Start of Block
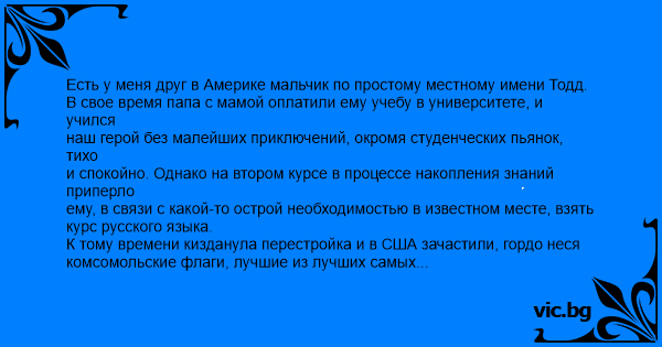 Есть у меня друг в Америке мальчик по простому местному имени Тодд.
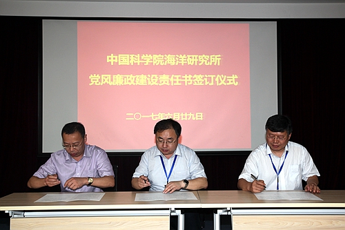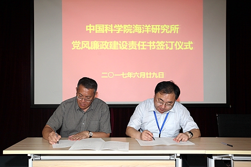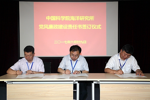 根據(jù)《中國科學(xué)院海洋研究所黨風(fēng)廉政建設(shè)責(zé)任制實施細則》規(guī)定,黨風(fēng)廉政建設(shè)責(zé)任書實施逐級簽訂,體現(xiàn)個性化崗位責(zé)任,管理與支撐部門負責(zé)人、研究室/中心負責(zé)人、研究組負責(zé)人均需與分管所領(lǐng)導(dǎo)簽訂《黨風(fēng)廉政建設(shè)責(zé)任書》或《反腐倡廉建設(shè)責(zé)任書》;管理與支撐部門人員和研究組人員也需與部門負責(zé)人簽訂《廉潔從業(yè)承諾書》。此項工作將由監(jiān)審處負責(zé)在近期內(nèi)完成。
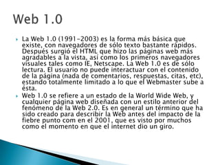 La Web 1.0 (1991-2003) permitía páginas web de sólo texto con navegadores básicos. El usuario no podía interactuar con el contenido. La Web 2.0 (a partir de 2001) representa la evolución hacia aplicaciones web enfocadas en el usuario, donde el usuario puede generar y editar contenido de forma colaborativa a través de blogs, wikis y redes sociales.
End of Block
## [Exercise requirements]
Please, without any of the pictures, set down exactly the lines from the beginning of the listing to the line that contains "根據(jù)《中國科學(xu", inclusive.

## [Expected answer]
 Есть у меня друг в Америке мальчик по простому местному имени Тодд.
 根據(jù)《中國科學(xué)院海洋研究所黨風(fēng)廉政建設(shè)責(zé)任制實施細則》規(guī)定,黨風(fēng)廉政建設(shè)責(zé)任書實施逐級簽訂,體現(xiàn)個性化崗位責(zé)任,管理與支撐部門負責(zé)人、研究室/中心負責(zé)人、研究組負責(zé)人均需與分管所領(lǐng)導(dǎo)簽訂《黨風(fēng)廉政建設(shè)責(zé)任書》或《反腐倡廉建設(shè)責(zé)任書》;管理與支撐部門人員和研究組人員也需與部門負責(zé)人簽訂《廉潔從業(yè)承諾書》。此項工作將由監(jiān)審處負責(zé)在近期內(nèi)完成。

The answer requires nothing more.